I finally remembered to post pictures of my wife's flock I got her for our anniversary this year...if you aren't already wearing sunglasses, you might want to put some on...lol
Duracoated by Brian at Al's in pace (did a great job for a fair price BTW)


----------



## notoo7 (Apr 12, 2012)

My eyes!


----------



## MULLET HUNTER (Oct 3, 2007)

Loud!!!:yes:


----------



## PompChaser315 (Feb 18, 2011)

Holy shiite!!


----------



## aaronious45 (Dec 15, 2011)

I figure she can't loose it in her 50gal. purse lol


----------



## maxfold (Apr 19, 2008)

Good job i would run from a woman with that Maxfold


----------



## bigbulls (Mar 12, 2008)

Holy cow that thing is bright. Looks cool though.

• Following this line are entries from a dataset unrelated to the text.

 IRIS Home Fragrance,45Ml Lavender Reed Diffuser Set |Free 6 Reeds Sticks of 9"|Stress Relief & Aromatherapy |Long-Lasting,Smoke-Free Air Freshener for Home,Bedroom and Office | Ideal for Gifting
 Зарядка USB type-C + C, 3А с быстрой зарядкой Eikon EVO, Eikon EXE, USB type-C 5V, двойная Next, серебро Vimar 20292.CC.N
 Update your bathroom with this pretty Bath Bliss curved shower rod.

If she ever has to use it I bet it will give her an extra second or two while the would be robber tries to figure out what the heck she has in her hand.

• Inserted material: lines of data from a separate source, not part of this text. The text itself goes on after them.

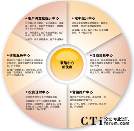 對于銀行業(yè)來說,聯絡中心已經成為為客戶提供優(yōu)質、快捷的金融理財服務的第二窗口。隨著電子化建設的不斷深入,寬帶、Internet和3G時代帶來的IP融合,聯絡中心為金融服務帶來了更廣泛的創(chuàng)新,未來的銀行聯絡中心將為客戶提供的金融服務趨于無所不能。銀行聯絡中心已經成為自助交易中心、投資理財中心、營銷推廣中心和信息服務中心,借助聯絡中心,銀行與客戶可以隨時隨地建立緊密的多媒體互動,提升客戶滿意度和服務效率。
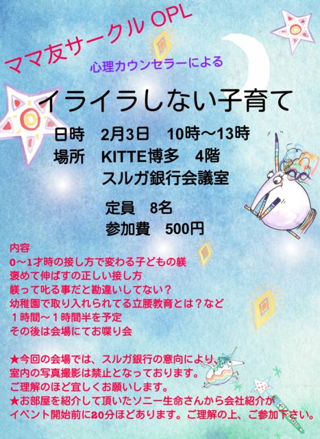 ¥Þ¥Þͧ¥µ¡¼¥¯¥ëOPL¤Î2·î3Æü¤Ë³«ºÅ¤¹¤ë¥¤¥Ù¥ó¥È¤Ç¤¹¡£»²²Ã½ÐÍè¤ë»þ¤Ë»²²Ã¤¹¤ë¼«Í³»²²Ã·¿¤Î¥µ¡¼¥¯¥ë¤Ç¡¢¿§¤ó¤Ê´ë¶È¤Î°ì¼¼¤ò¼Ú¤ê¤Æ³èưͽÄê¤Ç¤¹¡£ º£²ó¤Ï¥¹¥ë¥¬¶ä¹Ô¤Ë¤Æ¡¢¿´Íý¥«¥¦¥ó¥»¥é¡¼¤Ë¤è¤ë¥¤¥é¥¤¥é¤·¤Ê¤¤»Ò°é¤Æ¤ò³Ø¤Ó¤Þ¤¹¡£ ¤ª»Ò¤µ¤ÞÏ¢¤ìOK¤Ç¤¹¤¬¡¢¼øÆý¡õ¤ª¤à¤ÄÂØ¤¨¥ë¡¼¥à¤¬¤´¤¶¤¤¤Þ¤»¤ó¡£°û¿©¤â¤ª»Ò¤µ¤ÞOK¤Ç¤¹¤¬¡¢Âç¿Í¤Ï°û¤ßʪ¤Î¤ß¤Ë¤Ê¤ê¤Þ¤¹¤Î¤Ç¤´Î»¾µ²¼¤µ¤¤¡£ Äê°÷8ÁȤȤ·¤Æ¤¤¤Þ¤¹¤¬¡¢»Ä¤ê4ÁȤȤʤê¤Þ¤¹¤Î¤Ç¤´»²²ÃËô¤Ï¤´¼ÁÌ䤴¤¶¤¤¤Þ¤·¤¿¤é¤ªÃΤ餻²¼¤µ¤¤¡£
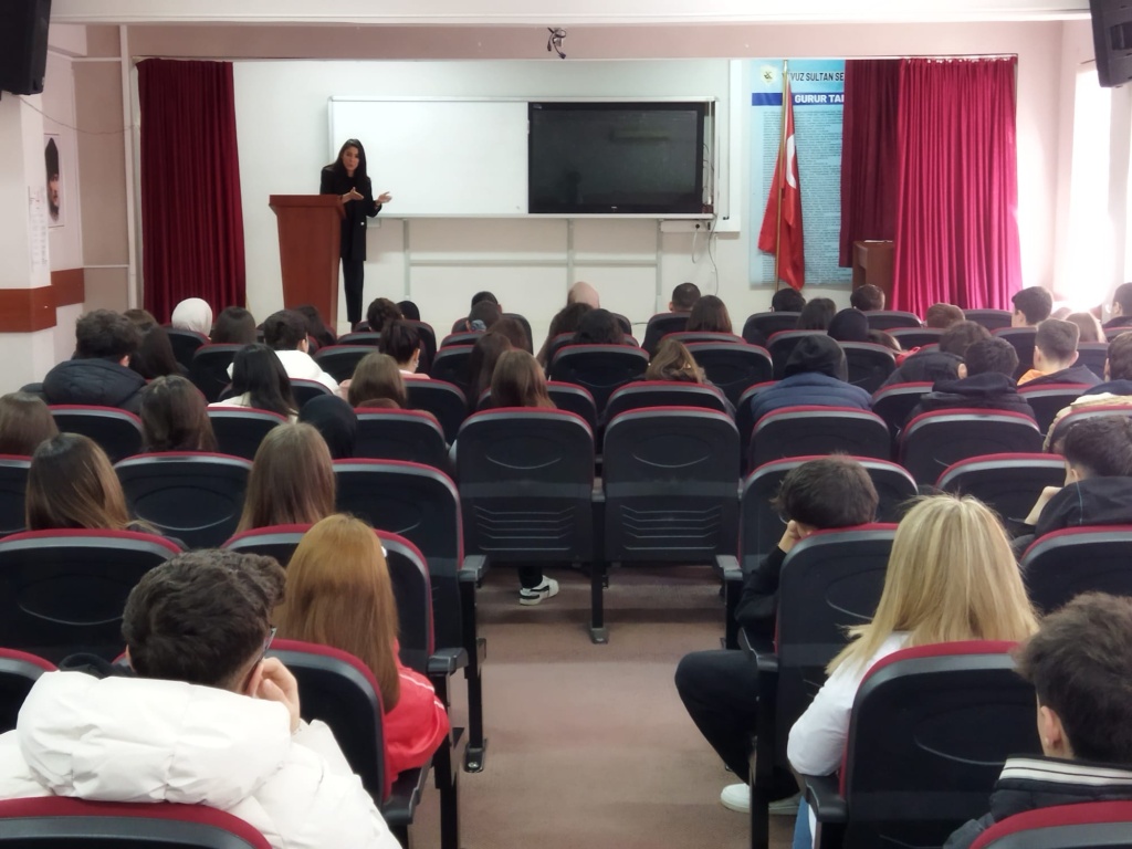 Trabzon'un deneyimli avukatlarından sayın Duygu Keleş, 8 Mart Dünya Emekçi Kadınlar Günü sebebiyle öğrencilerimize 'Toplumsal Cinsiyet Eşitliği ve Kadına karşı şiddet' konularıyla ilgili bir sunum yaptı. Katkılarından dolayı kendisine çok teşekkür ederiz.
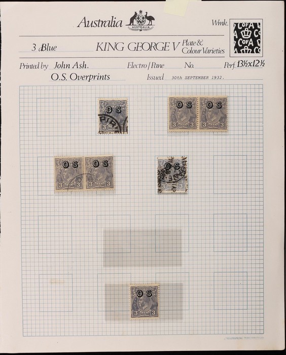 with partial Norfolk Islands? Cds. 2d scarlet CofA wmk John Ash imprint blk of 4, some OS flaws such as 'flawed S', 'duplicated S' etc prs & blks of 4. F-VFU, some F-VF MLH/MNH. Mostly F-VF condition. SG O133(var). ACSC cat approx $6000+. Inc many
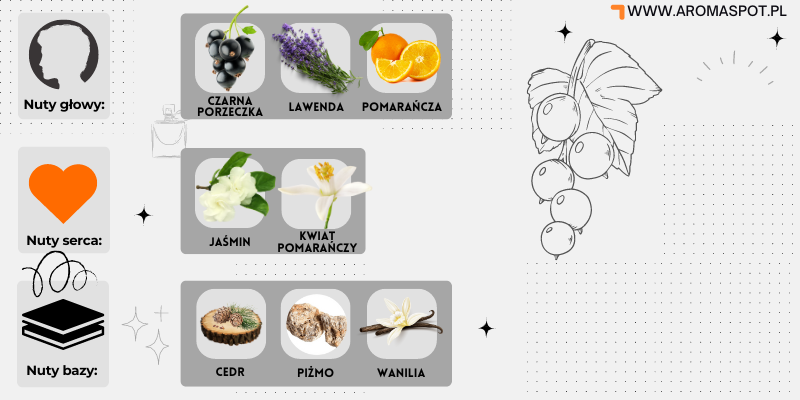 Nutami głowy są: Czarna porzeczka, Lawenda, Pomarańcza; nutami serca są: Jaśmin, Kwiat pomarańczy; nutami bazy są: Cedr, Piżmo, Wanilia.
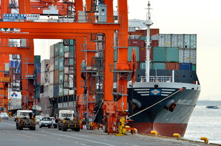 日本10日公布的數(shù)據(jù)顯示,受巨額貿(mào)易逆差拖累,2013年日本國際收支經(jīng)常項(xiàng)目順差額創(chuàng)歷史新低,為3.3061萬億日元,比前一年減少31.5%。數(shù)據(jù)還顯示,經(jīng)季節(jié)調(diào)整后,2013年12月日本國際收支經(jīng)常項(xiàng)目出現(xiàn)1967億日元逆差額,為連續(xù)4個(gè)月出現(xiàn)逆差。圖為10日在日本東京的一個(gè)貨運(yùn)碼頭,貨輪正在裝載貨物。

You two aren't Mr. and Mrs Riddler are you?


----------



## FrankwT (Jul 25, 2010)

all I can say is .....


----------



## ucf_motorcycle (Jul 12, 2008)

If she ever pulled it out she would probably have to actually fire it before anyone believed it wasn't a toy.


----------



## Big Ave (Apr 2, 2012)

Cool pistol, definitely have no problem finding it.


----------



## Baitcaster (Oct 4, 2007)

Damn ! you wasn't kiddin .


----------



## cantonmentmike (Feb 2, 2012)

The bad guy might laugh at such a gun...until he looses his ability to laugh. 
Nice!


----------



## aaronious45 (Dec 15, 2011)

She's the only person able to jam a glock (limp wristed it).. she's good now..


----------



## John B. (Oct 2, 2007)

Wirelessly posted

Someone is gonna be awfully surprised when it doesn't shoot water out of it....


----------



## Five Prongs Of Fury (Apr 15, 2008)

John B. said:


> Wirelessly posted
> 
> Someone is gonna be awfully surprised when it doesn't shoot water out of it....

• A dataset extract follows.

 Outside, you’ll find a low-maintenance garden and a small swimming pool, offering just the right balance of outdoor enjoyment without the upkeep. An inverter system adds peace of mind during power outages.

Thats exactly what I was thinking!!!:yes:


----------



## bfisher1970 (Mar 15, 2012)

My wife just said.....
"Guns are black and grey and wood grain.....don't mess with it....it ain't broke"

LOL


----------



## shootnstarz (May 4, 2011)

So.......................when are you going to get her a matching AR?

Rick


----------



## aaronious45 (Dec 15, 2011)

shootnstarz said:


> So.......................when are you going to get her a matching AR?
> 
> Rick


One is enough for her...me on the other hand....


----------



## ATWORK (May 18, 2012)

*Limp Wristed*



aaronious45 said:


> She's the only person able to jam a glock (limp wristed it).. she's good now..


 
I know this is gonna get me picked on but what the hell is limp wristed and how does it tie into a glock or any gun jamming? I have heard this phrase many times. Thanks and enjoy


----------



## aaronious45 (Dec 15, 2011)

Limp wristing is not having a stiff wrist/forearm. When you shoot, the gun moves with the cycling of the spent casing not allowing it to eject.

Driftfisher is bad about having limp wrists lol


----------



## Fig Newton (Oct 4, 2010)

How much did that cost?


----------



## aaronious45 (Dec 15, 2011)

180 I think


----------